I decided to try it as a syllabic poem. This is a scientific poem, I thought, that could use a little numerical underpinning. Once again, the over-all effect of this was to weed the poem down. Syllabic poetry works best when it doesn't have hyphens calling attention to the form (in fact, I hope most readers didn't notice the form, at least at first: form should be a window through which the reader views the material of the poem). This took a lot of manipulating, and the end result was a syllabic poem consisting of two fourteen-line stanzas (semi-accidentally the length of sonnets) around the central line--all lines eleven syllables long.
Fulfilling the obligations of a form, of course, doesn't make a good poem: all the other requirements of poetry must be fulfilled as well. It should be an original idea or an old idea presented in a new way, and it should sound interesting.
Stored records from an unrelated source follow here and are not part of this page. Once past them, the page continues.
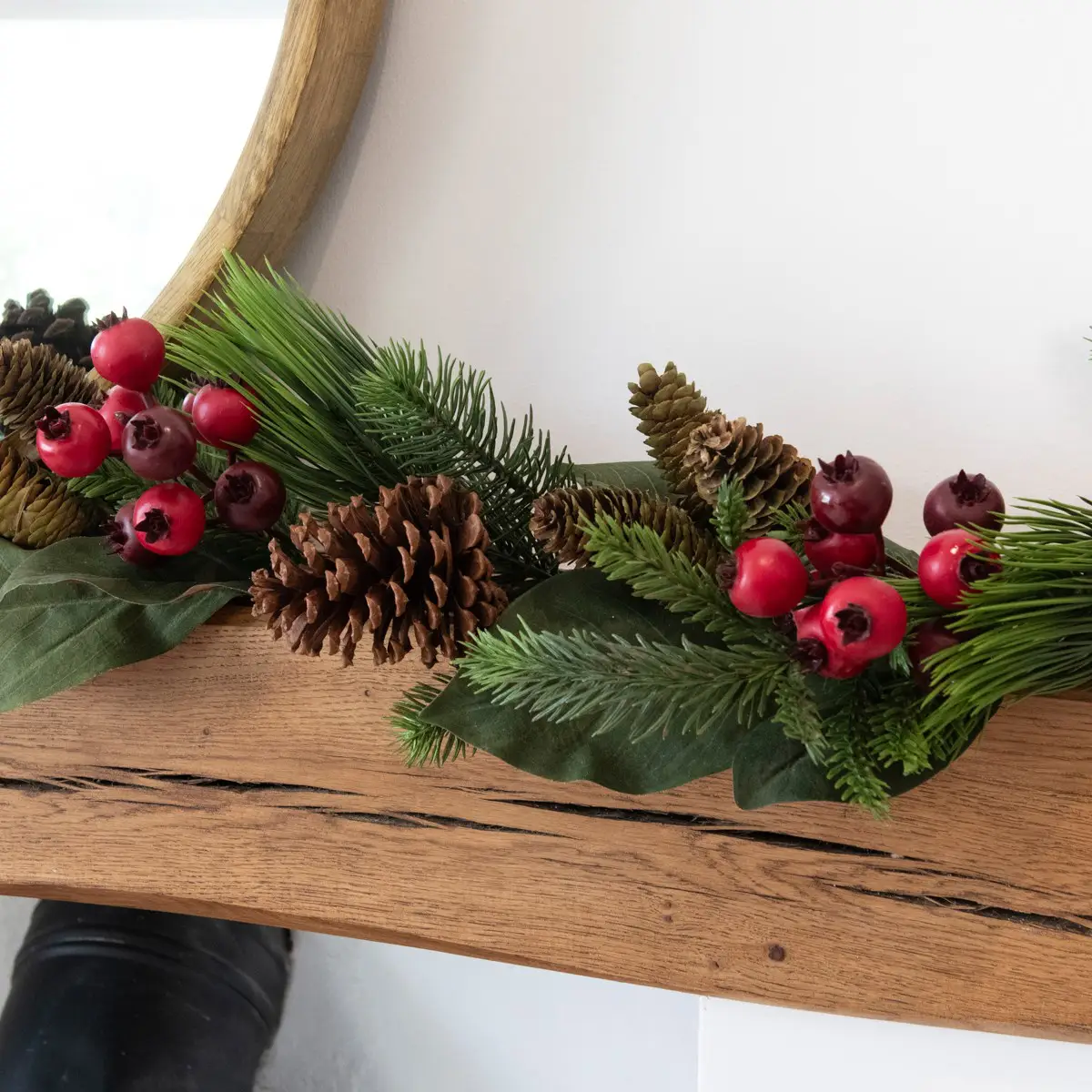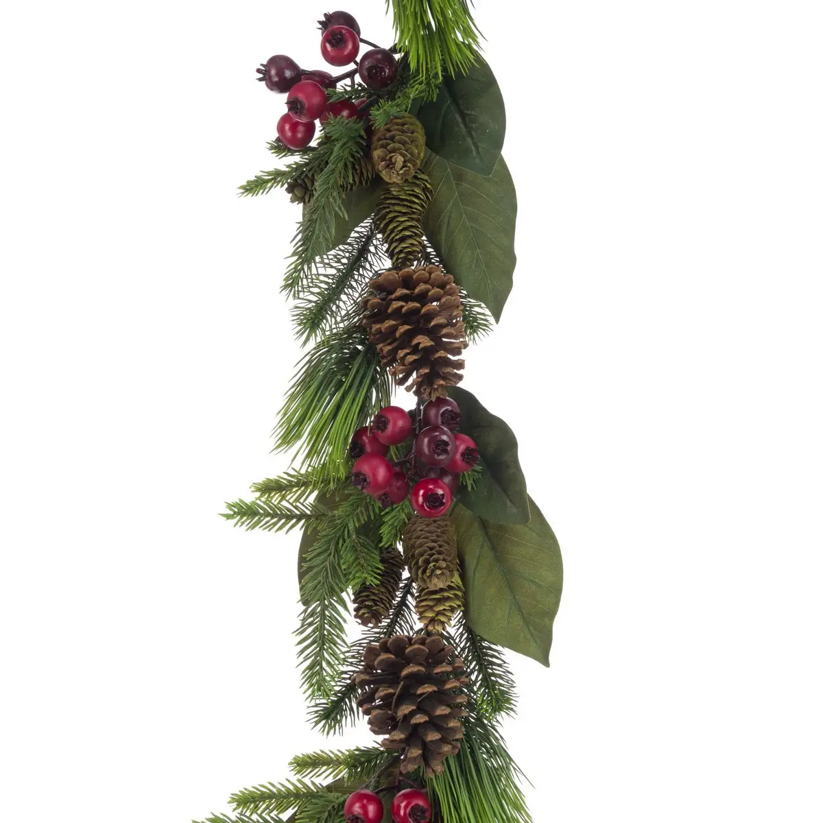 A beautifully crafted Christmas Garland, the Ryhall Berry Garland features a selection of dark red, realistic berries, along with meticulously crafted pine cones and a variety of lifelike tree leaves.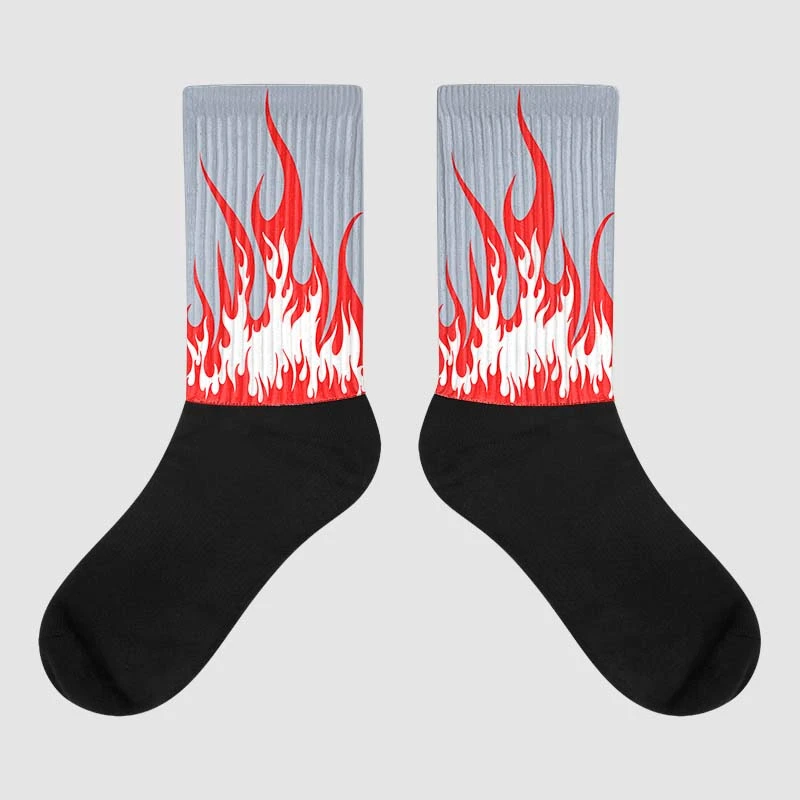 White Cement Reimagined 3s Sublimated Socks FIRE Graphic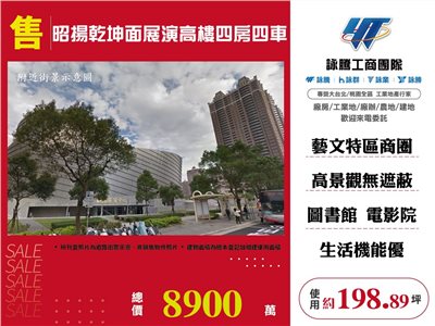 《詠騰工商團隊》 專營桃園房地產出租出售 案名:昭揚乾坤面展演高樓四房四車 [價格]:8900萬 [坪數]:約198.89坪 [周邊]:藝文特區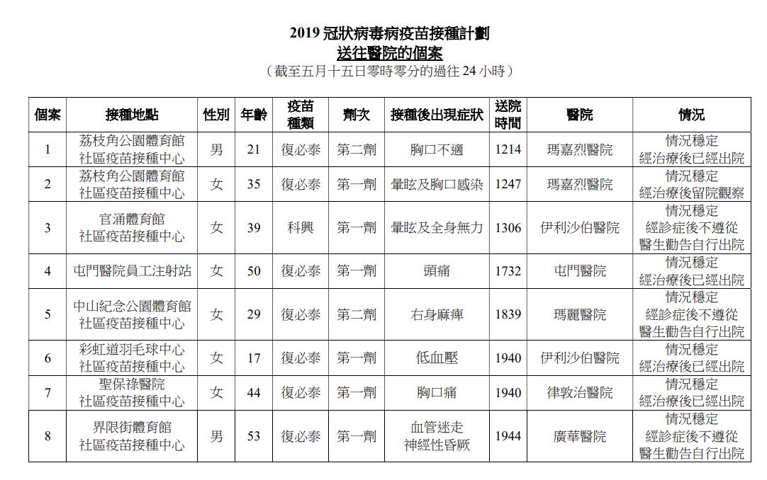 需要留院觀察的是一名35歲女子,她接種第一劑復必泰疫苗後出現暈眩及胸口感染,送往瑪嘉烈醫院治理,目前情況穩定。其他人士接種疫苗後不適的症狀包括暈眩及全身無力、頭痛、高血壓、心悸、胸口痛、半身麻痺等。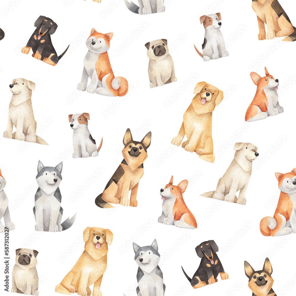 Tableau sur toile Watercolor seamless pattern with cartoon dog breeds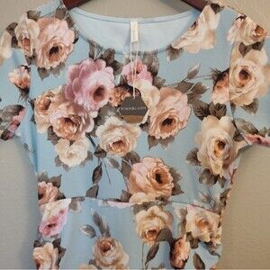 PinkBlush Light Blue Rose Floral Fitted Maternity Dress Size Medium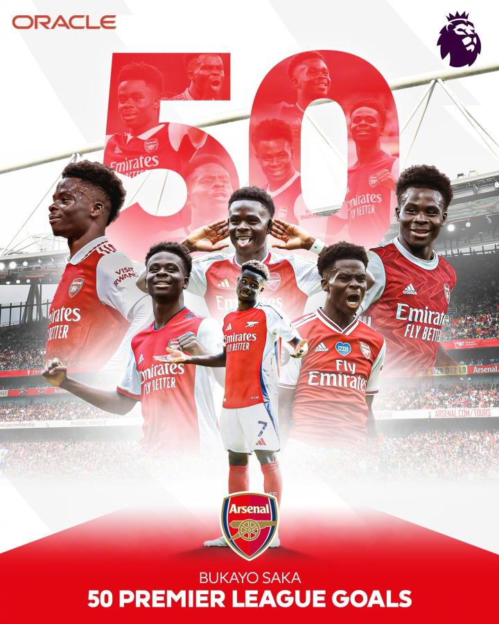 这个进球使得萨卡迎来了属于他个人的里程碑,截至目前他已经在英超联赛中取得了整整50个进球,他在自己的第六个英超赛季中实现了这一点。

My final changes in the poem involved underlining certain sounds: the whispering "s" sounds in the beginning (scientists/inform us/insufficient), assonance (eyes/shy; date/Élysées), consonance (DNA/determine; gold/gets/going), and even rhyme (OK/away), etc. I wanted the poem to be tightly constructed, natural-seeming, and pleasing to the ear. One advantage of syllabic poetry is that it's kind of a regulated free verse, giving some shape but still being pretty loose. I should add that I didn't do all this in quite so linear a way as talking about it makes it sound. Rather, I worked on everything at once more or less steadily, and gradually, this is what emerged. How do you know when to stop? Well, I'm sure this could be better, but working in form, or shape, is a help. After a while, like a kid on a beach patting his sandcastle into shape, I decided, That's it, and backed away, brushing sand from my hands and getting ready for the next wave.